2.4 The Customer will be deemed to have accepted these Terms by placing a Request for Services or by accepting the performance of the Services.

3. Services

3.1 The Company will commence performance of the Services after a Contract is formed in accordance with clause 2.3.

3.2 The Company may engage third-party experts, consultants, or contractors to assist it in performing the Services or may be required to rely on the opinions of experts, consultants, or contractors engaged by the Client.

3.3 On completion of the Services, the Company will provide the Client with its Report/s. The Report/s will be owned by the Client. The Company will not be liable to any third party who uses or otherwise relies on any Report.

4. Fees and Expenses

4.1 In consideration for performing the Services, the Client will pay the Company: (a) the Fees (plus GST if applicable); (b) any disbursements and expenses reasonably incurred by the Company in relation to the performance of the Services to which a margin of up to 10% may be applied by the Company. Such disbursements and expenses can include any fee collection cost incurred or that will be incurred by the Company; and (c) the costs reasonably incurred by the Company in engaging and managing third-party experts, consultants, or contractors in relation to the performance of the Services, including the Company’s administration costs (which may be expressed as a margin of up to 10%) and the Company’s time relating to such engagement (if applicable).

5. Payment

5.1 Unless otherwise agreed in writing, the Company may invoice the Client monthly for the Fees and other costs payable by the Client in accordance with clause 4.1.

5.2 The Client must pay the Company’s invoice in full within 14 days after the date of the Company’s invoice.

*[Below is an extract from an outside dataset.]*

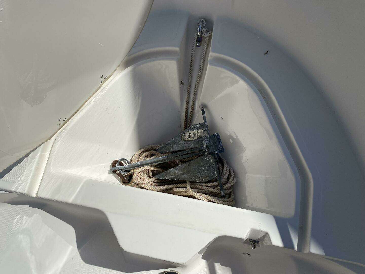 - Bow anchor locker with overboard drain

5.3 If the Client does not pay any invoice by the due date, then (without prejudice to any of the Company’s other rights), the Company may: (a) charge interest on the outstanding amount at the rate of 12% per annum (calculated daily) until payment is made in full; (b) charge the Client any debt collection and legal costs on a solicitor-own client basis; or (c) suspend the supply of further Services to the Customer, in which case any costs incurred by the Company as a result of a suspension will be immediately due and owing by the Client.

6. Termination

6.1 The Client may terminate a Contract at any time by giving the Company no less than 24 hours’ written notice.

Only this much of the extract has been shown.